The inverse conversion ${\lambda }_i$ → $c_{ij}$ is defined by:

$$c_{11}=\left({\lambda }_1+2{\lambda }_2\right)/3,$$

(22)

$$c_{12}=\left({\lambda }_1-{\lambda }_2\right)/3,$$

(23)

$$c_{44}={\lambda }_3/2.$$

(24)

For a nickel-base superalloy with a composite γ/γ′-microstructure, the spectral decomposition (14) can be separately applied to the stiffness tensors of a γ/γ′-compound and each phase, γ and γ′, respectively to $C^{\mathrm{eff}}$, $C^{\mathrm{m}}$, and $C^{\mathrm{p}}$:

$$C^{\mathrm{eff}}={\displaystyle \sum }_{i=1}^3{\lambda }_i^{\mathrm{eff}} P_i,$$

(25)

$$C^{\mathrm{m}}={\displaystyle \sum }_{i=1}^3{\lambda }_i^{\mathrm{m}} P_i,$$

(26)

$$C^{\mathrm{p}}={\displaystyle \sum }_{i=1}^3{\lambda }_i^{\mathrm{p}} P_i,$$

(27)

which results in three sets of the eigenvalues: ${\lambda }_i^{\mathrm{eff}}$ for the γ/γ′-compound, and ${\lambda }_i^{\mathrm{m}}$ and ${\lambda }_i^{\mathrm{p}}$ for the constitutive γ- and γ′-phases. Due to Equation (15), the corresponding decompositions hold for the compliance tensors $S^{\mathrm{eff}}$, $S^{\mathrm{m}}$, and $S^{\mathrm{p}}$. A consequence of the spectral decomposition (14,15) is that the inequalities (12,13) can be rewritten in the following form:

$${\displaystyle \sum }_{i=1}^3{\lambda }_i^{\mathrm{eff}} {\mathit{E}}_i:P_i:{\mathit{E}}_i\le {\displaystyle \sum }_{i=1}^3\langle {\lambda }_i\rangle {\mathit{E}}_i: P_i:{\mathit{E}}_i$$

(28)

$${\displaystyle \sum }_{i=1}^3{\left({\lambda }_i^{\mathrm{eff}}\right)}^{-1} {\Sigma }_i:P_i:{\Sigma }_i\le {\displaystyle \sum }_{i=1}^3\langle {\lambda }_i^{-1}\rangle {\Sigma }_i: P_i:{\Sigma }_i,$$

(29)

where ${\mathit{E}}_1$, ${\mathit{E}}_2$, and ${\mathit{E}}_3$ are three orthogonal eigentensors of $C$ corresponding to three deformation eigenmodes, that is, dilatation, deviatoric tetragonal distortion in the crystal axes, and pure shear. These deformation eigenmodes ${\mathit{E}}_i$ are respectively related by the elasticity law to the three orthogonal stress tensors ${\Sigma }_i$, where ${\Sigma }_1$ is a hydrostatic stress tensor, and ${\Sigma }_2$ and ${\Sigma }_3$ two deviatoric stress tensors.
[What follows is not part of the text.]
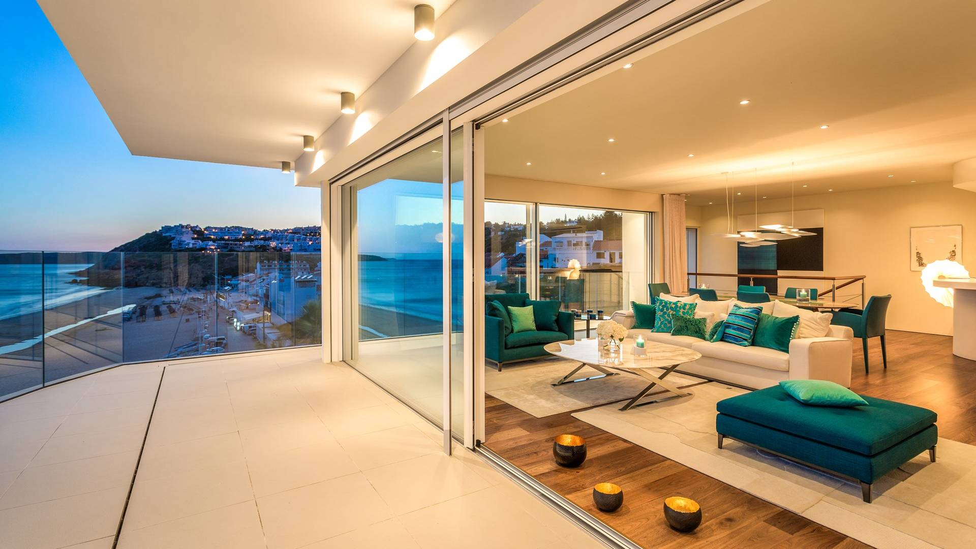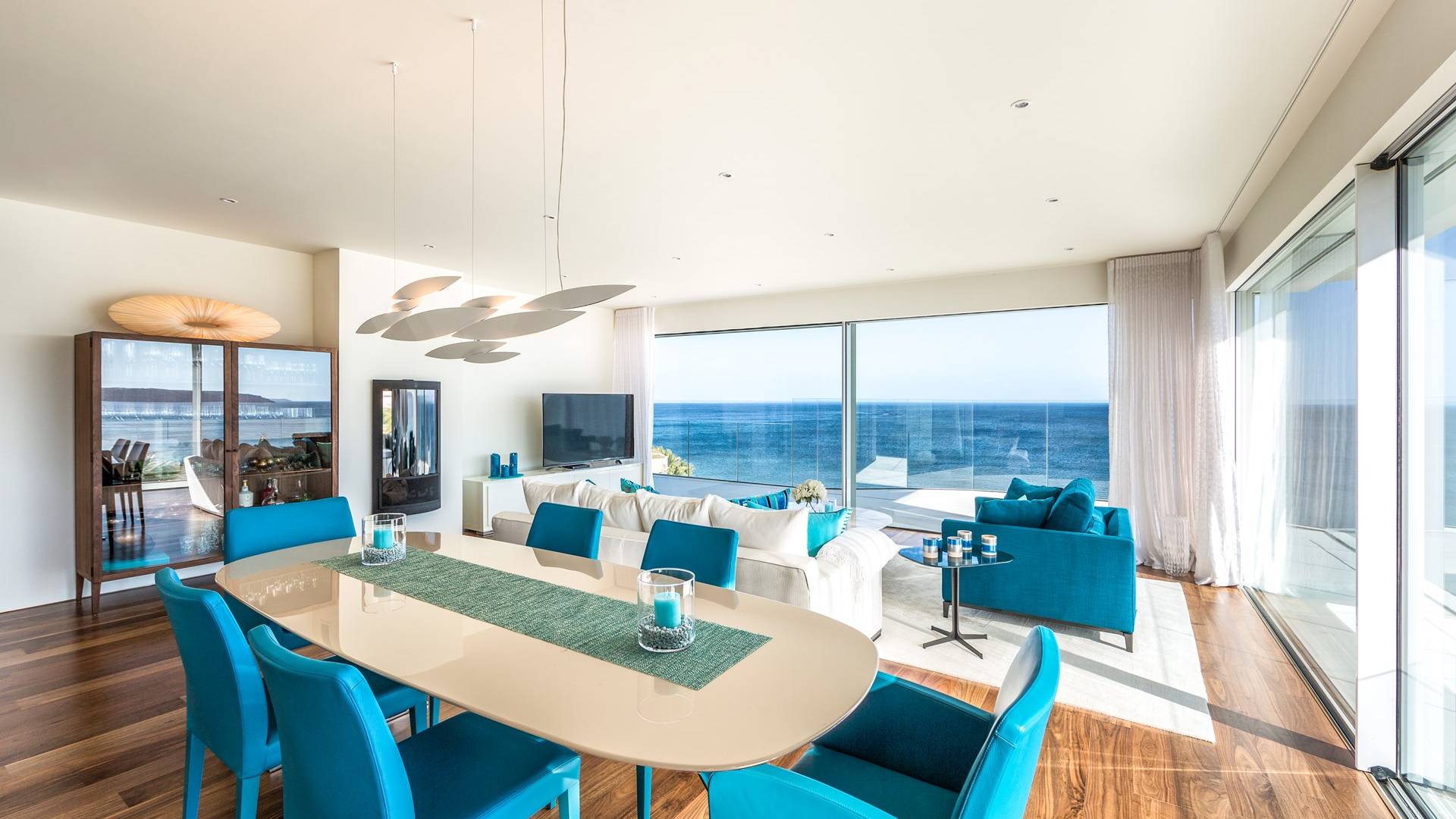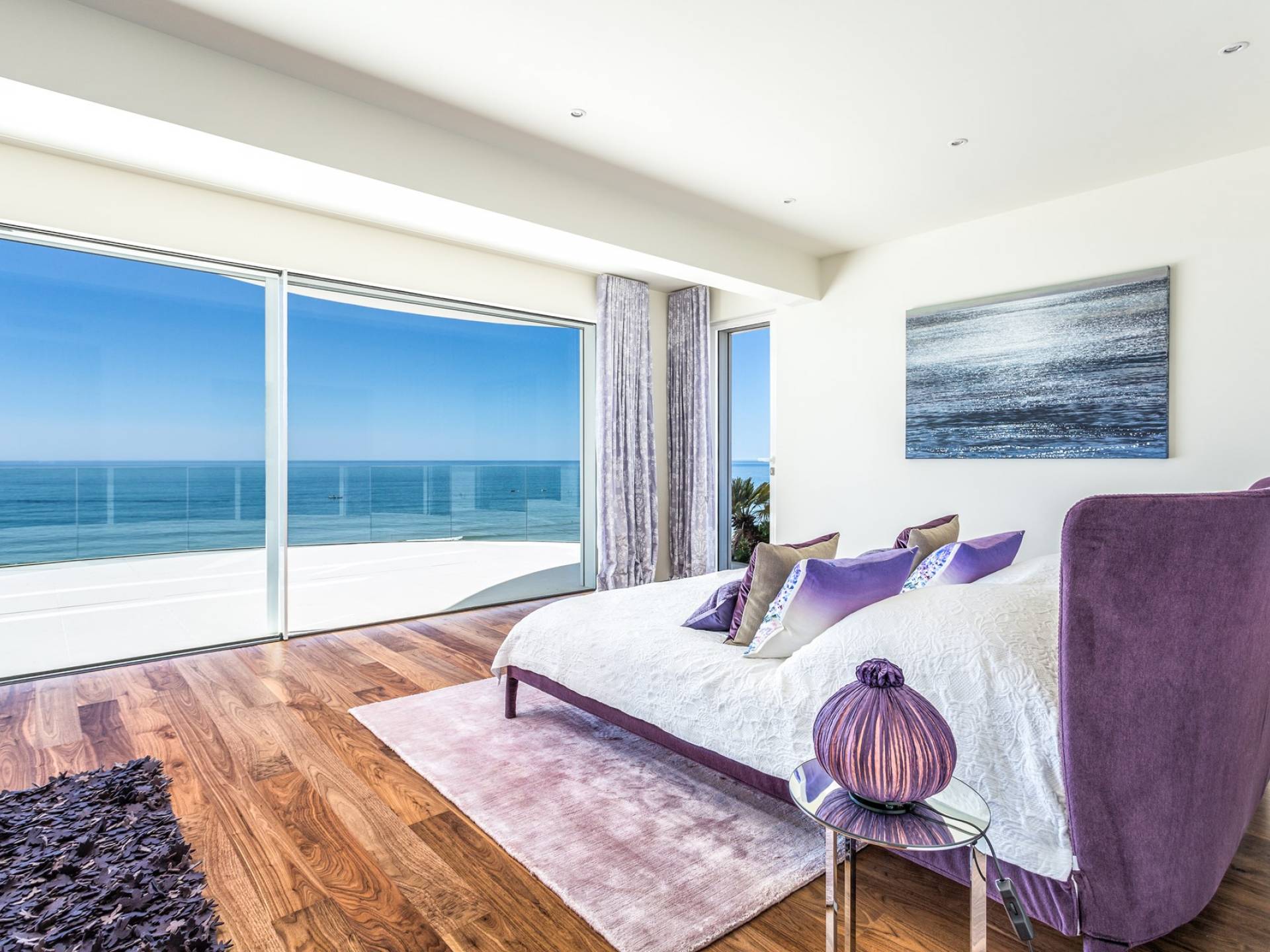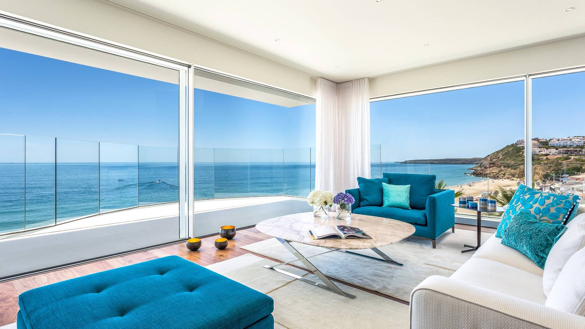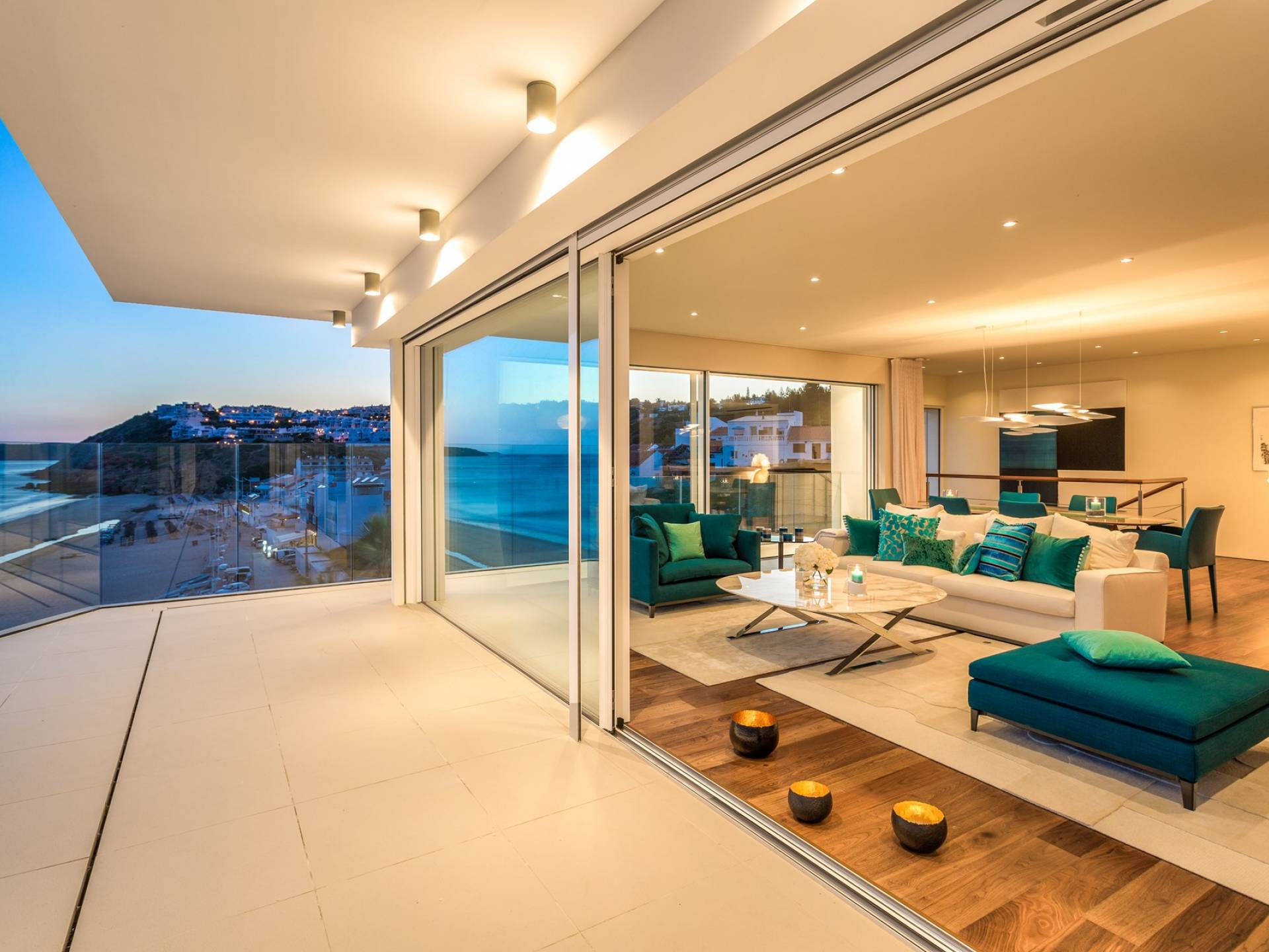 Villa Alegria Algarve consta de 4 dormitorios, amplias puertas corredizas de vidrio que conducen directamente a terrazas, jardines y una piscina privada en la azotea con vista al océano infinito, está decorada en un estilo mediterráneo limpio y contemporáneo, en llamativos blancos, azules, y lilas, con amplias zonas de estar y abundante luz natural que entra por las ventanas.

As the three tensors ${\mathit{E}}_i$ as well as ${\Sigma }_i$ are independent, and the inequalities (28) and (29) are valid for any ${\mathit{E}}_i$ and ${\Sigma }_i$, the following inequalities hold:

$${\lambda }_i^{\mathrm{eff}} \le \langle {\lambda }_i\rangle$$

(30)

$${\left({\lambda }_i^{\mathrm{eff}}\right)}^{-1} \le \langle {\lambda }_i^{-1}\rangle .$$

(31)

Combining (30) and (31) gives the lower Reuss and upper Voigt bonds for ${\lambda }_i^{\mathrm{eff}}$:

$${\lambda }_i^{\mathrm{R}}={\langle {\lambda }_i^{-1}\rangle }^{-1} \le {\lambda }_i^{\mathrm{eff}} \le {\lambda }_i^{\mathrm{V}}=\langle {\lambda }_i\rangle ,$$

(32)

which correspond to the serial and parallel arrangement of constituents and are given by:

$${\mathsf{\lambda }}_i^{\mathrm{R}}={\left[\left(1-f^{\mathrm{p}}\right) {\left({\lambda }_i^{\mathrm{m}}\right)}^{-1}+f^{\mathrm{p}} {\left({\lambda }_i^{\mathrm{p}}\right)}^{-1}\right]}^{-1},$$

(33)

$${\mathsf{\lambda }}_i^{\mathrm{V}}=\left(1-f^{\mathrm{p}}\right){\lambda }_i^{\mathrm{m}}+f^{\mathrm{p}} {\lambda }_i^{\mathrm{p}},$$

(34)

where $f^{\mathrm{p}}$ is the γ′-volume fraction.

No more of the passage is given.